Aunque sabía que no cambiaría nada, le dije: “No, señor agente, esto no fue un hurto, fue violencia sexual y un crimen de odio y debe activarse una ruta de atención diferencial”. Me sentí tan impotente, mi diploma de abogada fue inútil. Su expresión no cambió y se fueron. ¿Dónde dormiría Brenda? ¿Quién puede acompañarla? ¿Vamos a la URI con el riesgo que enfrentemos más barreras o al hospital? ¿Si estuviera sola, cómo pagaría el transporte si le robaron todo, si no tiene celular, si no conoce a nadie en Bogotá?

Mis alarmas y pedido de auxilio entre mis contactos y redes logró conectarme con la Secretaría de Gobierno, con una abogada -que erróneamente me dijo que fuéramos primero a Paloquemao y no a un hospital y yo le hice caso pues Brenda quería “poner el denuncio” con la esperanza de recuperar su pertenencias., También me llamó una psicóloga que después no volvió a atender el teléfono. Nos montamos en un taxi Brenda, mis dos amigos y yo, camino a Paloquemao.

Ya eran las 12 de la noche. Nadie merece estar en Paloquemao a esa hora, menos lloviendo. Si no alzo la voz y le exijo al portero de la Fiscalía que nos atienda por tratarse de un “código blanco”, no nos dejan entrar. Que solo pasara ella. Brenda, que ya estaba un poco más calmada, volvió a llorar: “Por favor, dejen entrar a mi ángel”, dijo. Y a mí se me espichó el corazón. Esperamos afuera en la lluvia media hora hasta que me llamaron.

Para resumirles el resto de la noche, mis amigos se fueron a sus casas, a ambas nos entrevistaron largo y acompañé a Brenda hasta medicina legal, donde no tenía posibilidad de entrar. Eran ya las 3 de la mañana. Todas las llamadas y un hilo en Twiter que ya tenía más de 10 mil “likes” y 5 mil “retwits” empujó a que Brenda fuera atendida al día siguiente, le dieran un pasaje hasta Medellín, alimentación y allá la acompañara la Secretaría de la Mujer. Ya está bien. “Yo sé que por ser yo pues me violentan, y me toca ser fuerte para salir adelante, yo tengo un lemita: nada que me pase es más fuerte que yo”, me dijo por una nota de voz al día siguiente.

No sé qué hubiera pasado si no estoy yo ese martes a esa hora en ese lobby. No sé cómo hubiera sido todo si yo no tengo las redes y contactos que tengo y la valentía, o terquedad, de hacer ruido y no conformarme ante la mediocridad y telaraña institucional. Solo sé que aprendí con dolor y angustia la famosa “ruta de atención” que por más que existe es tortuosa, lenta, revictimizante y confusa. Aprendí que Brenda tuvo la suerte de vivir, pero que son muchas otras, demasiadas, que no. Solo por ser quienes son.

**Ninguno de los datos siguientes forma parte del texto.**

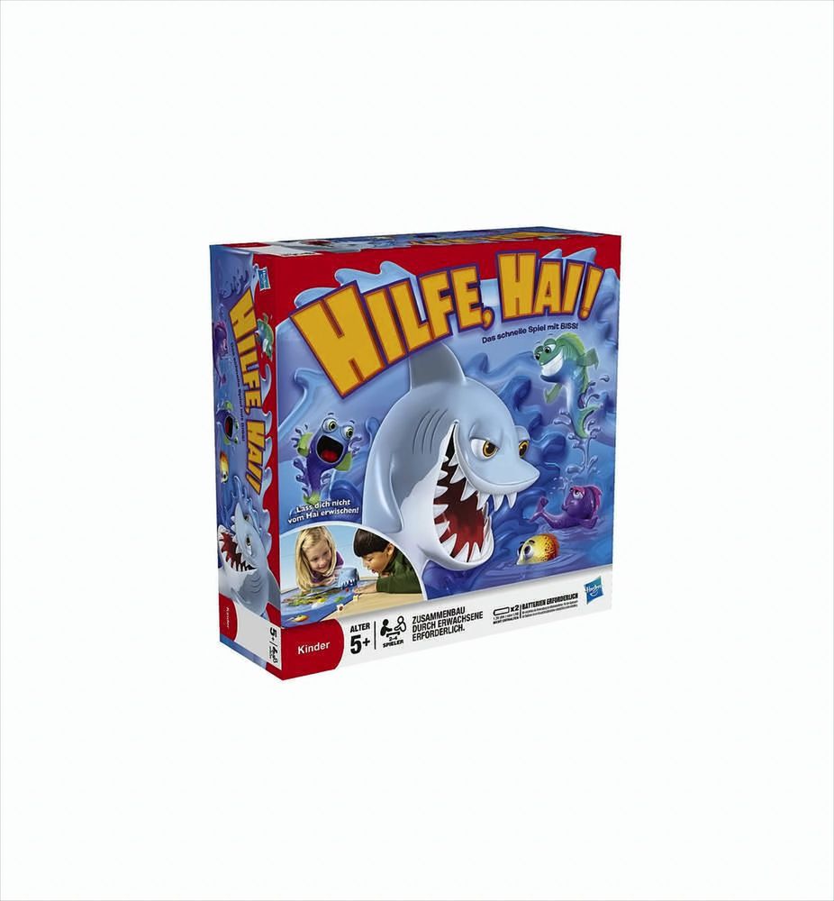 Hilfe, Hai! ist ein schnelles Aktionsspiel mit "Biss" für Kids ab 5 Jahren. Auf dem kreisrunden Spielbrett "schwimmt" ein ca. 25 cm großer, batteriebetriebener Hai und versucht, die verschiedenfarbigen Fischfiguren der Kinder mit seinem zuschnappenden Riesenmaul zu fangen. Sind die Spielfiguren auf dem Brett platziert, geht es auch schon los: Der gefährliche Meeresräuber geht mit seinem Riesenmaul auf Beutezug. Die beiden Farbwürfel geben vor, welche Fische ein Feld weiter schwimmen dürfen. Da heißt es natürlich, schnell würfeln und Reißaus nehmen, um die sichere Bucht zu erreichen, bevor der Fisch zu Haifutter wird. Hilfe, Hai! Ist ein rasanter Spielespaß für bis zu vier Spieler.
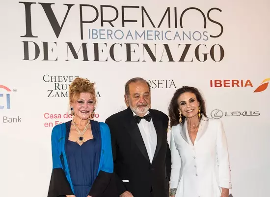 La Baronesa Thyssen y el Ing. Carlos Slim Helú recibieron el premio al mecenazgo en la Cuarta Edición de los Premios Iberoamericanos de Mecenazgo, que promueve la Fundación Callia, por su labor realizada en la conservación, promoción y difusión del patrimonio y el talento artístico de Iberoamérica.
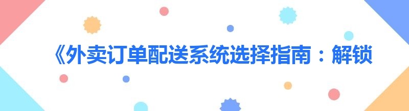 《外卖订单配送系统选择指南:解锁高效配送的关键》
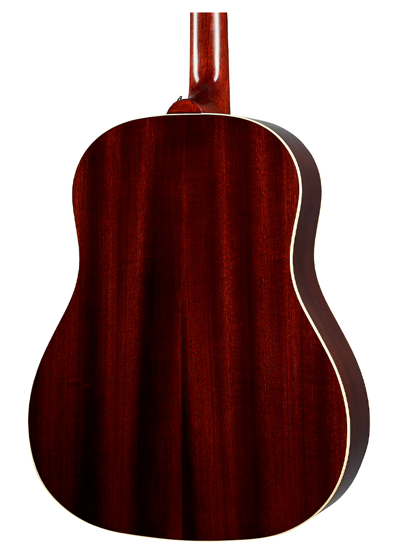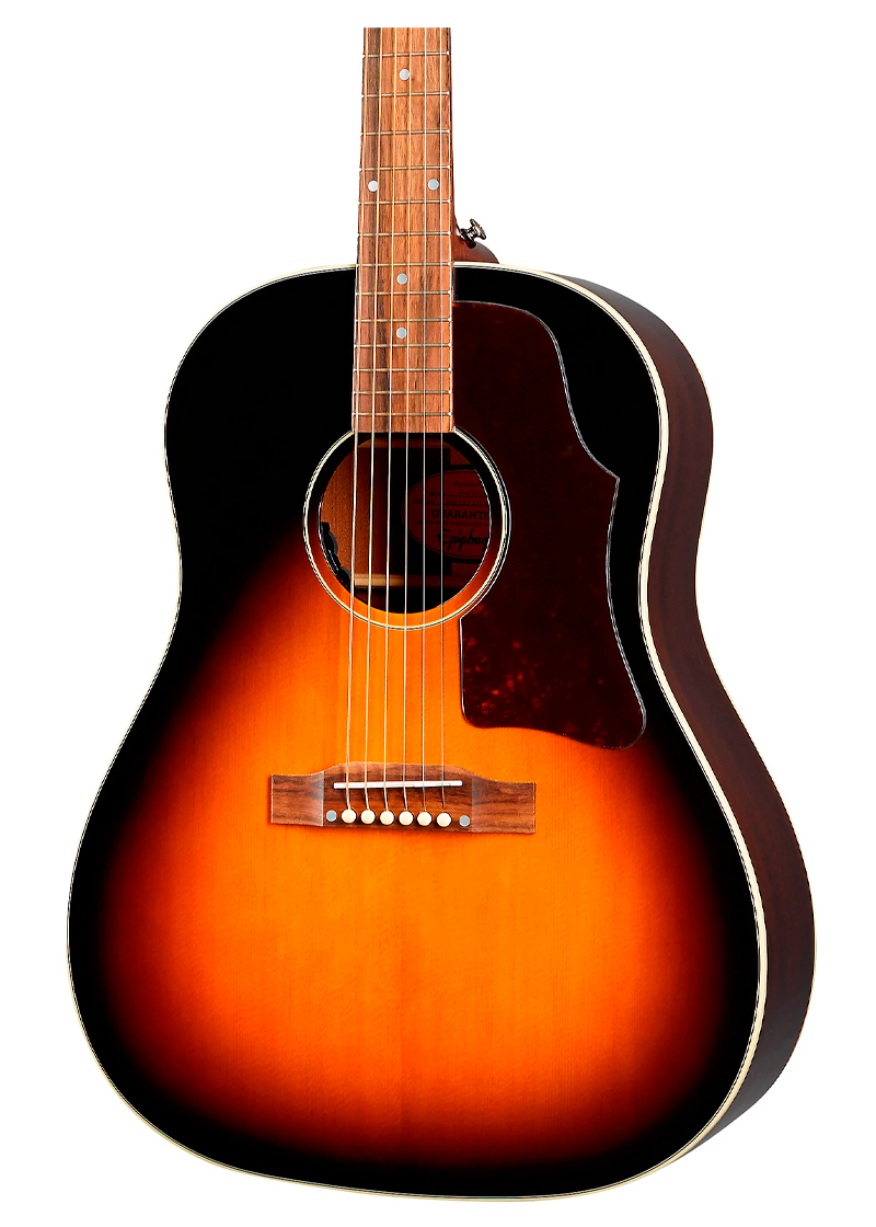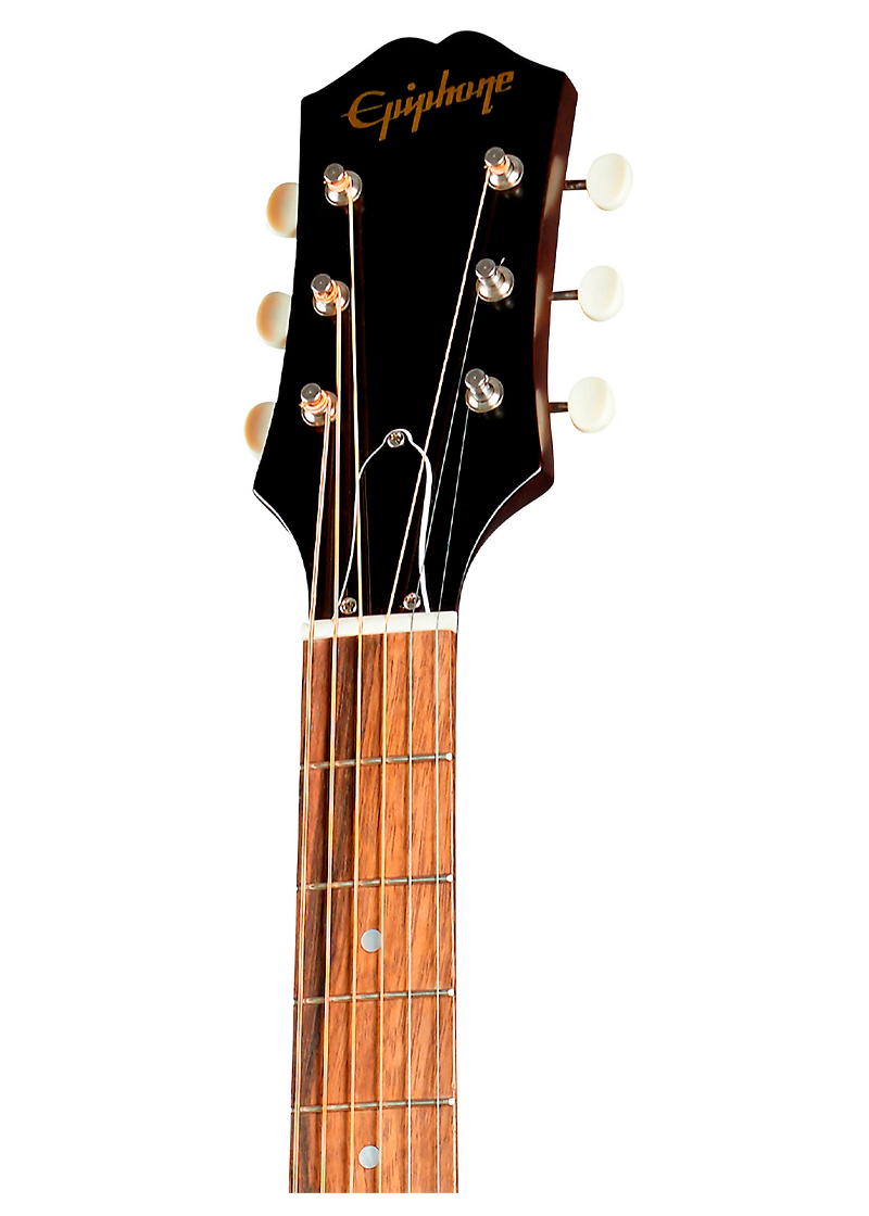 Epiphone especificó la guitarra electroacústica Inspired by Gibson J-45 con maderas completamente sólidas, combinando una tapa de abeto Sitka con fondo y aros de caoba. El acabado brillante vintage envejecido acentúa la veta debajo. El ribete de cuatro capas de marfil y negro delinea la tapa; la parte posterior se vuelve negra. Si te gusta aventurarte más allá de los acordes «vaqueros» de primera posición, el cutaway hace que sea fácil alcanzar las notas altas

Identifiqué, de nuevo, cómo esta historia es resultado de una serie de vulneraciones de derechos sexuales y reproductivos y que el problema no es la falta de institucionalidad, sino, como siempre, la falta de educación, de educación integral para la sexualidad. Que su madre quedó embarazada en su adolescencia, y no tuvo entonces la libertad para decidir y cuidarse y la condenó a embarazos subsiguientes y, por tanto, a la pobreza, que Brenda fue víctima de dos personas quienes, su ignorancia y desconocimiento, también los condenaron al odio y a la criminalidad.

La falta de educación nos condena a todos, a todas y todes.

*Esta columna fue escrita con el consentimiento y aval de Brenda.

Es la fundadora y directora de Poderosas. Estudió derecho en la Universidad de los Andes y una maestría en educación en la Harvard Graduate School of Education. Sus áreas de interés son la educación integral en sexualidad y el poder de decisión de jóvenes.